Goal of the exercise – I need the lines from the one with "부드럽고 쫄깃한 돼지머리고기" through the end of the material, copied exactly and with nothing else included.

####

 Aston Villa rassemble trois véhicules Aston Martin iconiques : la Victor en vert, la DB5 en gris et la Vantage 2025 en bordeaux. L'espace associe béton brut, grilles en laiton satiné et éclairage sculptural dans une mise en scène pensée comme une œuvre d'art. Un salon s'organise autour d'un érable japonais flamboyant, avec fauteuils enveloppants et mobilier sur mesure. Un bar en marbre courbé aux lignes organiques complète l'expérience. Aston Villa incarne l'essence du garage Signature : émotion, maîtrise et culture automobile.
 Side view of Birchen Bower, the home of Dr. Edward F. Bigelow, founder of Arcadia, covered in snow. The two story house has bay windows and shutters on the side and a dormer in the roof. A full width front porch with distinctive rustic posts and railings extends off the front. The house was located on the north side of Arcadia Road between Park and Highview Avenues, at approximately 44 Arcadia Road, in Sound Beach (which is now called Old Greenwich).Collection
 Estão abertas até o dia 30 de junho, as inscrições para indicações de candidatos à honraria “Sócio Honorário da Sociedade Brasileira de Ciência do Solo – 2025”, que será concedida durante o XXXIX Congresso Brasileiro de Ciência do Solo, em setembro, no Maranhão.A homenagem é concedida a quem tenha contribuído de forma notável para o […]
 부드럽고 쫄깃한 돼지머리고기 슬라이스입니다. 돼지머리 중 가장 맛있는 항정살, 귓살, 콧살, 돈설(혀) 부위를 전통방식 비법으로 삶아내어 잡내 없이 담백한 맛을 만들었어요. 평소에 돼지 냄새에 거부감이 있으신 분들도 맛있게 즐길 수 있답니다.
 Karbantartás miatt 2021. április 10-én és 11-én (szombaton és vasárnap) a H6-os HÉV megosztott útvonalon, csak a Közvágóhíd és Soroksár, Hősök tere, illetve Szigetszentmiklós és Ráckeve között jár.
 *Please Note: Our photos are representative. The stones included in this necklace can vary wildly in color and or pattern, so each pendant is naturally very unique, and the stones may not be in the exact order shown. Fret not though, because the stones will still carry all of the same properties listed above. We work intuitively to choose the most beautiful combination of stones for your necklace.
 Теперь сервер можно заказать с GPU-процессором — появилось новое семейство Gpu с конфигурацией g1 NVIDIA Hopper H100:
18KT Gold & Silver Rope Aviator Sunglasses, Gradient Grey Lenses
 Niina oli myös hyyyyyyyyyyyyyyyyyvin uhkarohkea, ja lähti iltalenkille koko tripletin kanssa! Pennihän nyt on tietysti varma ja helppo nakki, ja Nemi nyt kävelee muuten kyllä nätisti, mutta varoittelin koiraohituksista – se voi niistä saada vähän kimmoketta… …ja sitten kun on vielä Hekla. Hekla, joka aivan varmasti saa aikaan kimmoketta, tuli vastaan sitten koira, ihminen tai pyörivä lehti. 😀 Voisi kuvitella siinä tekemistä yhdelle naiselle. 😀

####

Solution to this task –
 부드럽고 쫄깃한 돼지머리고기 슬라이스입니다. 돼지머리 중 가장 맛있는 항정살, 귓살, 콧살, 돈설(혀) 부위를 전통방식 비법으로 삶아내어 잡내 없이 담백한 맛을 만들었어요. 평소에 돼지 냄새에 거부감이 있으신 분들도 맛있게 즐길 수 있답니다.
 Karbantartás miatt 2021. április 10-én és 11-én (szombaton és vasárnap) a H6-os HÉV megosztott útvonalon, csak a Közvágóhíd és Soroksár, Hősök tere, illetve Szigetszentmiklós és Ráckeve között jár.
 *Please Note: Our photos are representative. The stones included in this necklace can vary wildly in color and or pattern, so each pendant is naturally very unique, and the stones may not be in the exact order shown. Fret not though, because the stones will still carry all of the same properties listed above. We work intuitively to choose the most beautiful combination of stones for your necklace.
 Теперь сервер можно заказать с GPU-процессором — появилось новое семейство Gpu с конфигурацией g1 NVIDIA Hopper H100:
18KT Gold & Silver Rope Aviator Sunglasses, Gradient Grey Lenses
 Niina oli myös hyyyyyyyyyyyyyyyyyvin uhkarohkea, ja lähti iltalenkille koko tripletin kanssa! Pennihän nyt on tietysti varma ja helppo nakki, ja Nemi nyt kävelee muuten kyllä nätisti, mutta varoittelin koiraohituksista – se voi niistä saada vähän kimmoketta… …ja sitten kun on vielä Hekla. Hekla, joka aivan varmasti saa aikaan kimmoketta, tuli vastaan sitten koira, ihminen tai pyörivä lehti. 😀 Voisi kuvitella siinä tekemistä yhdelle naiselle. 😀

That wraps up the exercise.